My grandmother died in early November, the exact date I can't allow myself to remember. I had photographed and recorded her for almost a decade, documenting her aging as she proudly collected years. Eventually, she had become overwhelmed with the pain of the process, irritated by her body’s decay and my camera’s presence. She’d mock it as she lay on her blue couch, wondering if the lens had broken yet and when we were going to go for a run together.
My identity is completely, hopelessly intertwined with hers. Her lifetime of involvement in social clubs and park beautification projects is an intrinsic part of me. Her hatred, her fears, her unique strengths and weaknesses are blended into a shared memory written into symbols in our environments. Her surrounding lamps, paintings, manicured lawns, and brass plaques - each have a specific history. These histories, her stories, they have been imprinted into my being as if they were my own.
When she died, we experienced the quieted process that happens alongside grief - the paperwork, the organizing, the calling. We neatly packed up her boxes of precious dishes, stuffed animals, and wool sweaters. Her walls were laid bare to reveal scars, the remnants of years of art hung salon style in her home, each a little crooked. The refrigerator was removed of all great grandchildren pictures, leaving behind a single butterfly magnet. The discarded miscellaneous.
Months later, we planned our memorialization of her in the woods. My mother’s planner read, “Distribute Dorcas’ ashes”. And we did.

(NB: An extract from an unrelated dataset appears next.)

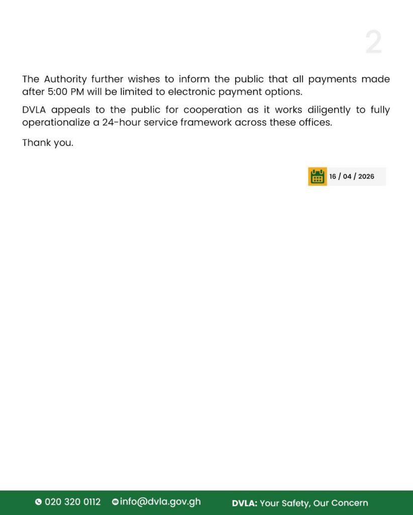 However, the DVLA has clarified that all payments made after 5:00 pm will be restricted to electronic payment methods. This includes mobile money, debit/credit cards, and other digital payment platforms approved by the Authority.
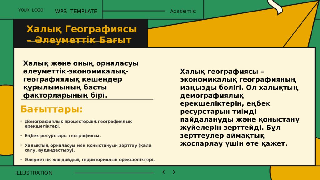 此处添加标题 Демографиялық процестердің географиялық ерекшеліктері. Еңбек ресурстары географиясы. Халықтың орналасуы мен қоныстануын зерттеу ( қала салу, аудандастыру ). Әлеуметтік жағдайдың территориялық ерекшеліктері. Бағыттары : YOUR LOGO ILLUSTRATION WPS TEMPLATE Academic Халық Географиясы – Әлеуметтік Бағыт Халық және оның орналасуы әлеуметтік-экономикалық-географиялық кешендер құрылымының басты факторларының бірі. Халық географиясы – экономикалық географияның маңызды бөлігі. Ол халықтың демографиялық ерекшеліктерін, еңбек ресурстарын тиімді пайдалануды және қоныстану жүйелерін зерттейді. Бұл зерттеулер аймақтық жоспарлау үшін өте қажет.

Spreading them across land she had cherished, tossing rose petals over the carbon remains. The last pieces of her didn’t fly into our faces or fall on our shoes like a sitcom or comedic movie would have me believe. Her dust just fell and laid there on the ferns, a harsh reminder of how everything seems to be still in grief.
We put an empty urn in the ground the next day, unsure of what to say. No “here she lies” would quite fit. And she never rested, much less in the deep eternal peace we would hope for. So we quietly covered up the fancy Tupperware that had once held her dust, each of us trying a joke to distract the others.
The process of grief is less of a weepy horror. It is a sneaky, daily enemy that creeps into your life and encourages you to carry boxes of wrapping paper into your home. Giving away the wrapping paper that your grandmother had purchased at one time would be too heartbreaking of an experience, so you fill your closets and your basements and your attics with the same items that she filled her closets and basements and attics with. Never to look at the items again - never to really take stock of what you’re doing. Only to allow your grief to pull your legs up the stairs with boxes, trip after trip, as you fill your life with the remnants of hers. Even one donated or sold item seems to echo the quiet “how could you”.